▶ _Exercise aim_
Please write out only the lines from the line with "demie in-12, adresse" to the line with "Τα παιδιά είχαν", inclusive, exactly as they stand below, without the pictures.

▶ _Stored data_
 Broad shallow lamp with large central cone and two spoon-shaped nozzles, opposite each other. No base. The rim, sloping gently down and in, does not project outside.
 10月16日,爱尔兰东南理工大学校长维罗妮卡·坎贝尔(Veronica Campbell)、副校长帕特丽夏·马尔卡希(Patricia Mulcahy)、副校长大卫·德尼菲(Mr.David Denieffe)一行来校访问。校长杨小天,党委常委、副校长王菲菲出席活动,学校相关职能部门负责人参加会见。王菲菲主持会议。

==

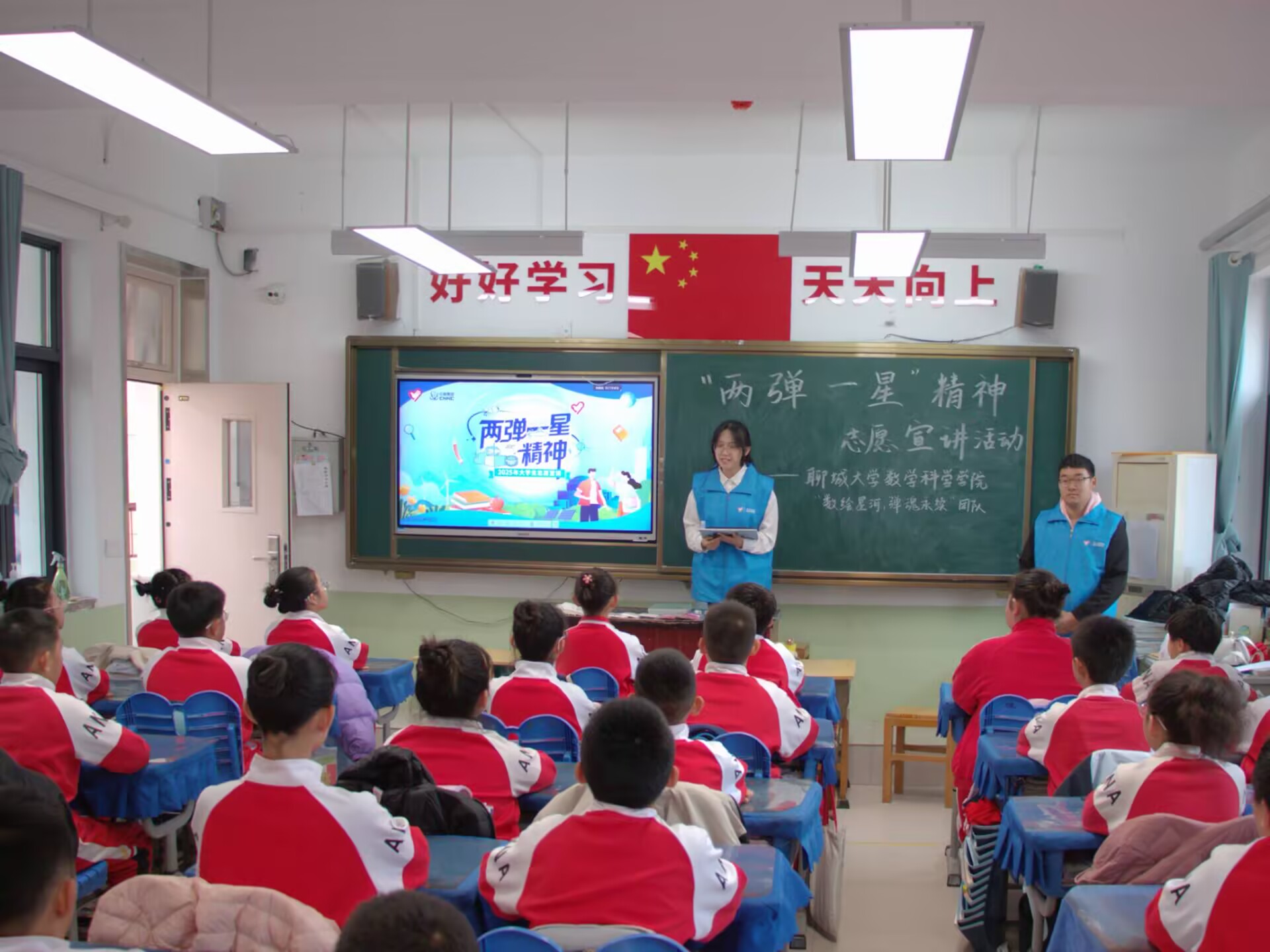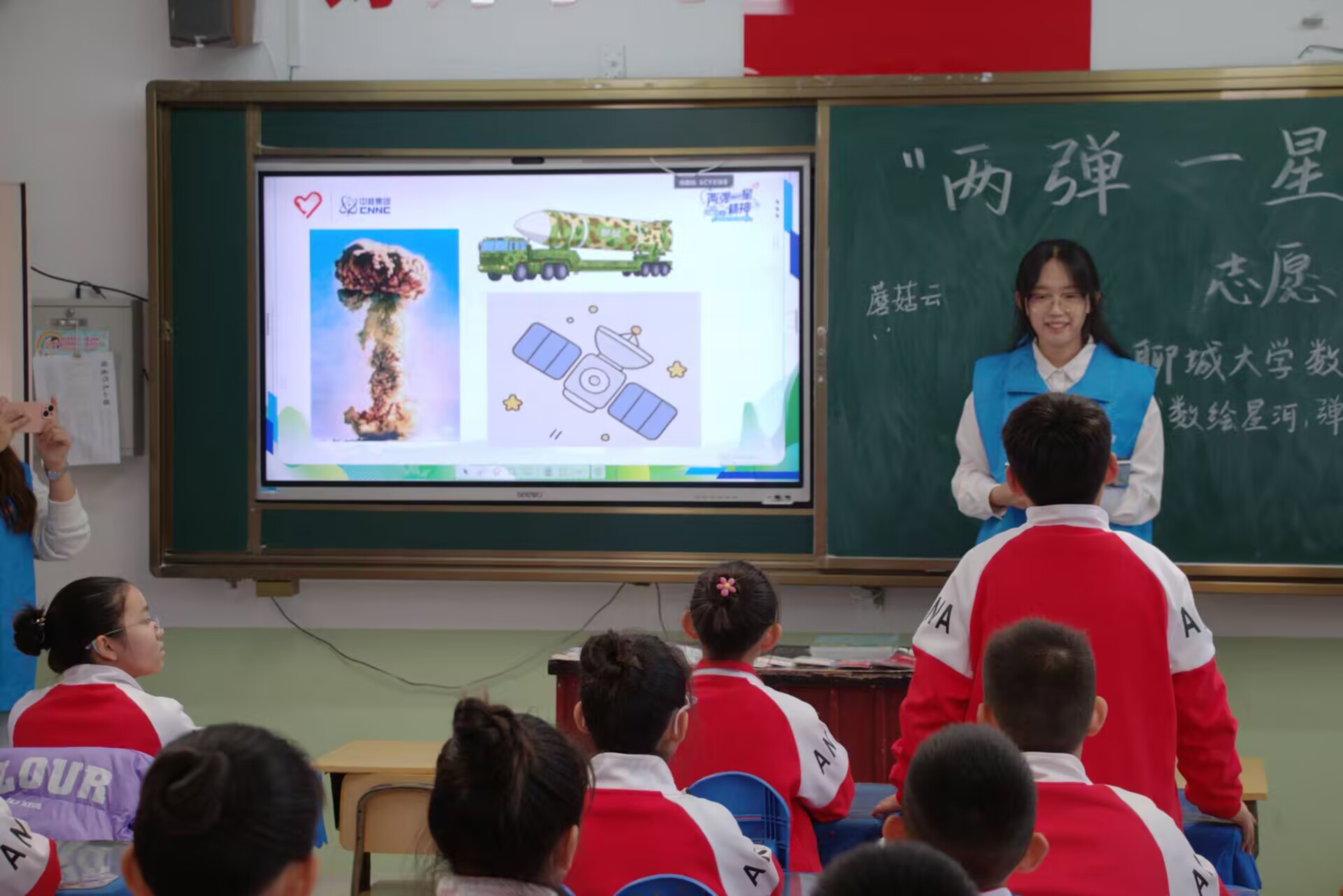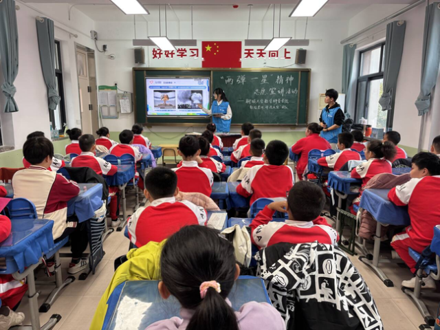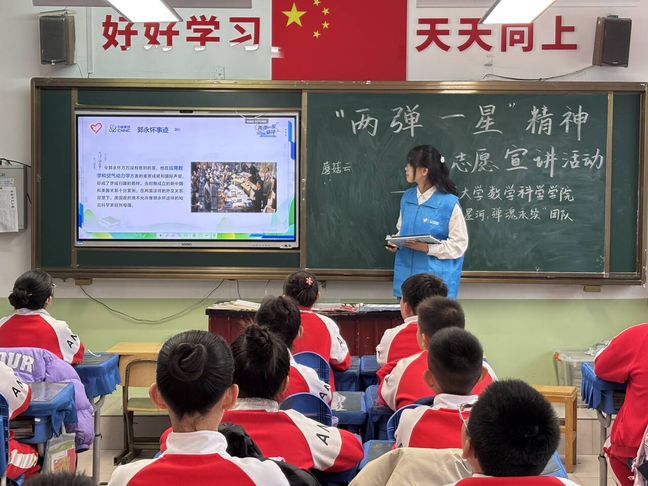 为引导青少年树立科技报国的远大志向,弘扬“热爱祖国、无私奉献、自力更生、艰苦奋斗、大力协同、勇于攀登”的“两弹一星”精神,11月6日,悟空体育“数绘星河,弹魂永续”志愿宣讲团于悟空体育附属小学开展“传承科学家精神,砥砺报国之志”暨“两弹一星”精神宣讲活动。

--

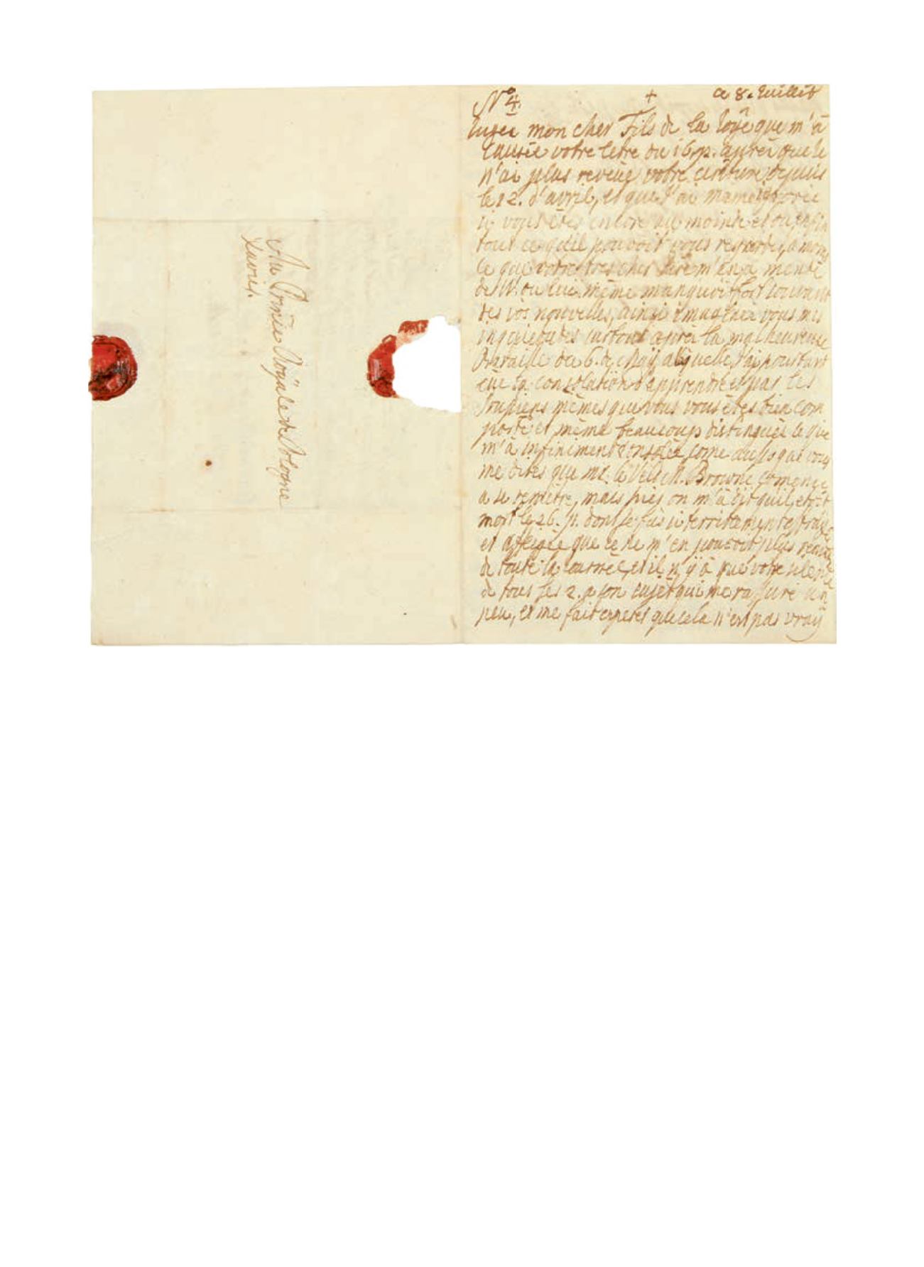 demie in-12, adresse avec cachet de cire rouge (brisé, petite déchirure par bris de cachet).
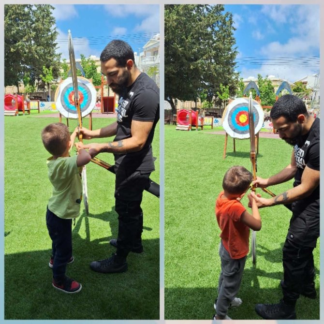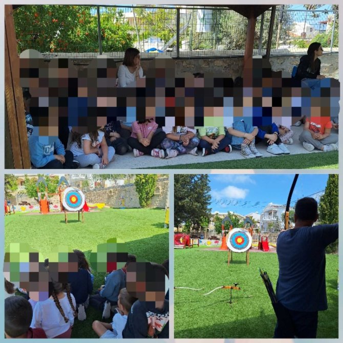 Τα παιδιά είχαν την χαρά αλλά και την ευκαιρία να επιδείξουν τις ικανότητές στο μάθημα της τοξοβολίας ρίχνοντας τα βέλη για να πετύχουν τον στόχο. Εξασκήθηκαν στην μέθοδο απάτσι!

▶ _Response to the exercise_
 demie in-12, adresse avec cachet de cire rouge (brisé, petite déchirure par bris de cachet).
 Τα παιδιά είχαν την χαρά αλλά και την ευκαιρία να επιδείξουν τις ικανότητές στο μάθημα της τοξοβολίας ρίχνοντας τα βέλη για να πετύχουν τον στόχο. Εξασκήθηκαν στην μέθοδο απάτσι!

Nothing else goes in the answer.